L’aéronautique est historiquement reconnue comme un secteur clé de l’innovation. Par exemple, il s'agit du premier secteur ayant adopté la fibre de carbone ou intégré la CAO / FAO à son processus de conception. Avec l’automobile et le médical, l’industrie aéronautique (et spatiale) est le premier secteur à avoir adopté et développé les technologies de fabrication additive. Aujourd’hui, il représente à lui seul 12 % du marché total de la fabrication additive.

Briefing sur la fabrication additive dans le secteur aéronautique

La fabrication additive est considérée comme une technologie de rupture qui transforme les chaînes de production. Elle offre un nouveau terrain pour l’innovation, des avantages logistiques et une capacité de fabrication à la demande. Ces avantages sont nombreux pour le secteur aéronautique. 

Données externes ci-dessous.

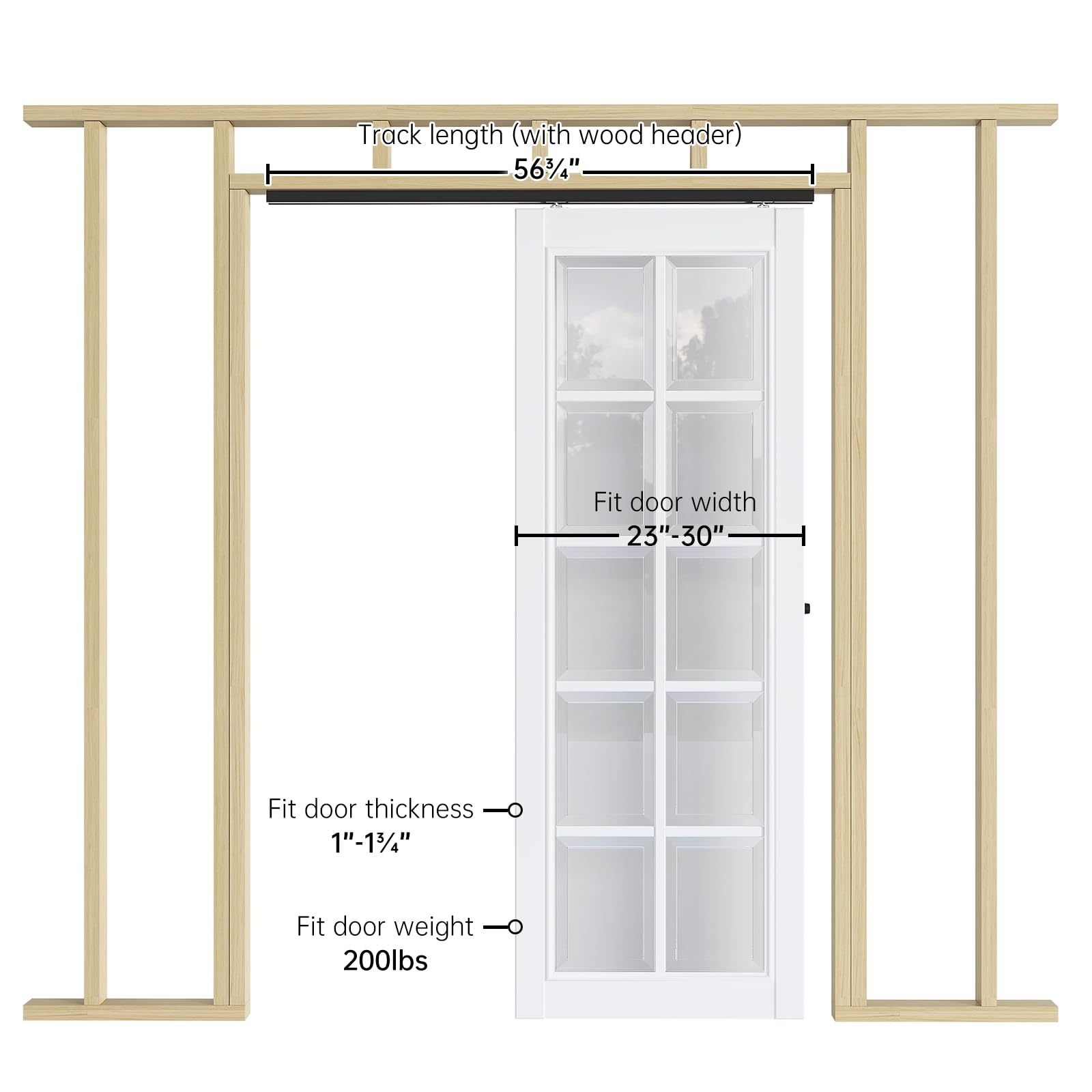 Reminds: Fit door width 23"~30";Fit door thickness 1" ~ 1-3/4"(25mm~45mm);Door weight capacity: 200lbs. Package Includes:(1)56.5" rail,(2)rollers,(1)door stops,(2)floor guide. Track Width: 45mm. DOOR NOT INCLUDED
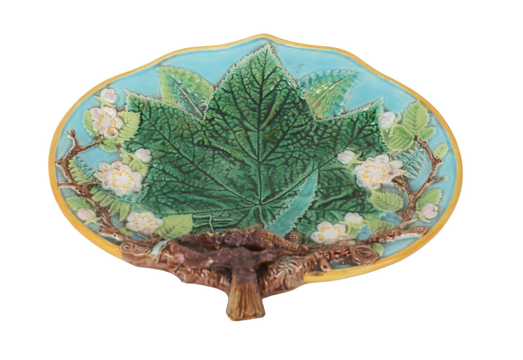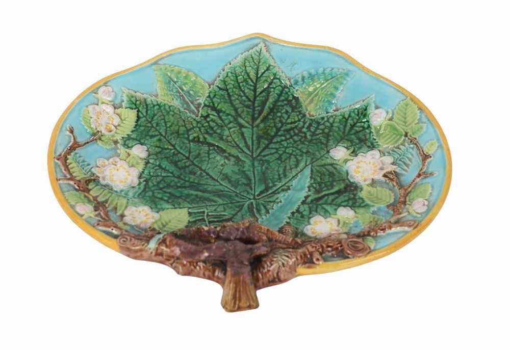 Lot 1142 19TH CENTURY GEORGE JONES MAJOLICA LEAF-SHAPED DISH
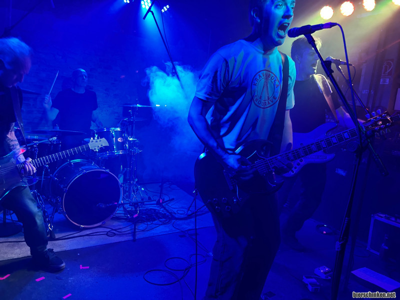 Diesmal bin ich aber auch so schlau, mir den ersten Eindruck das erste Bier trinkend vom hinteren Treppenabsatz zu gönnen. Lage sondieren, Überblick verschaffen. Der Sound ist gut, vor mir eine leicht mitwippende Menschenmauer.
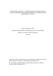 Cunnane, Triona (2024) A Multi-Site Case Study: An Exploration of the Influence of School Leadership on Teacher Professional Learning in Four Irish Primary Schools. Doctor of Education thesis, Dublin City University.
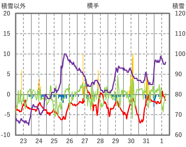 | 日 | 時 | 気温 | 降水 | 風向/風速 | 日照 | 積雪 | 降雪 |
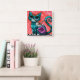 Horloge Carrée Chat de chaton Whimsical assis sur le tapis Floral
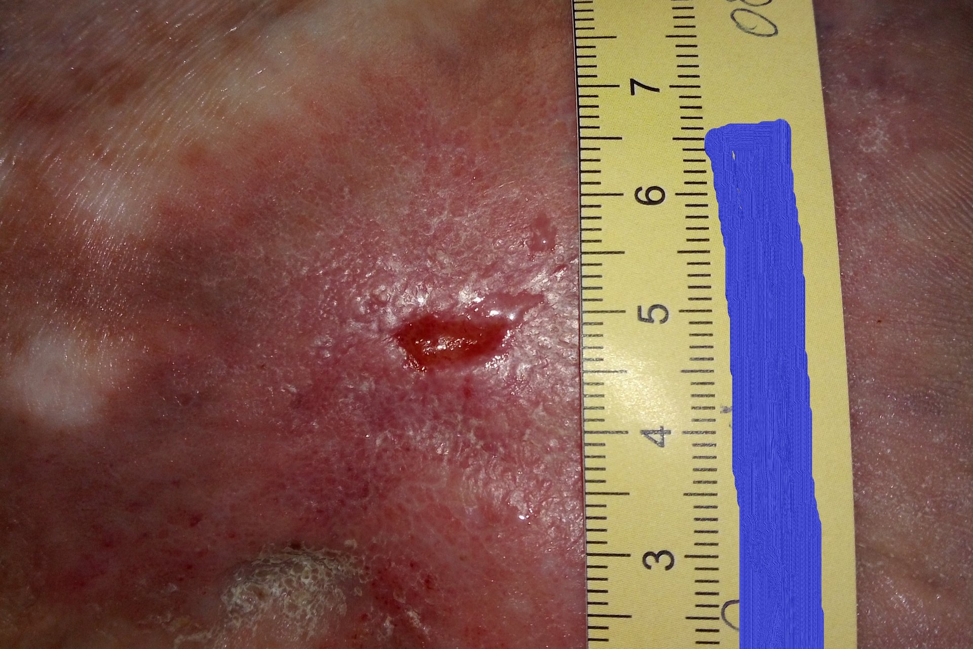 In den folgenden 2 Wochen verkleinerte sich die Wunde weiter auf 0,6 cm Länge, 0,3 cm Breite und 0,1 cm Tiefe (Foto 4), während Herr F. sehr darauf bedacht war, die Tipps zur Mobilität und Ruhephasen zu befolgen. Die Wunde sonderte kaum noch Exsudat ab und die Rötung der Umgebungshaut war verschwunden. In Erwartung der zeitnahen Abheilung wurden im Rahmen der Versorgung Kompressionsstrümpfe ausgemessen, in die, an den Stellen der betroffenen Perforansvenen, kleine Pelotten eingearbeitet werden sollten, um eine zielgerichtete Kompression zu ermöglichen. Vorerst wurde die Wunde bis zur vollständigen Abheilung jedoch noch alle 5 Tage mit PU-Schaum und dem Mehrkomponentenkompressionsverband bandagiert.

  • Gain de temps pour le développement de produits et la mise sur le marché.
  • Liberté de concevoir des géométries complexes.
  • Optimisation du design et de la conception.
  • Consolidation de la conception et amélioration de la fiabilité.
  • Gain en poids et en rendement énergétique.
  • Fabrication de pièces de rechange à la demande et sur site.
  • Réduction des coûts (de certains composants).
  • Assurance qualité en cours de processus.
  • Délai global de réduction.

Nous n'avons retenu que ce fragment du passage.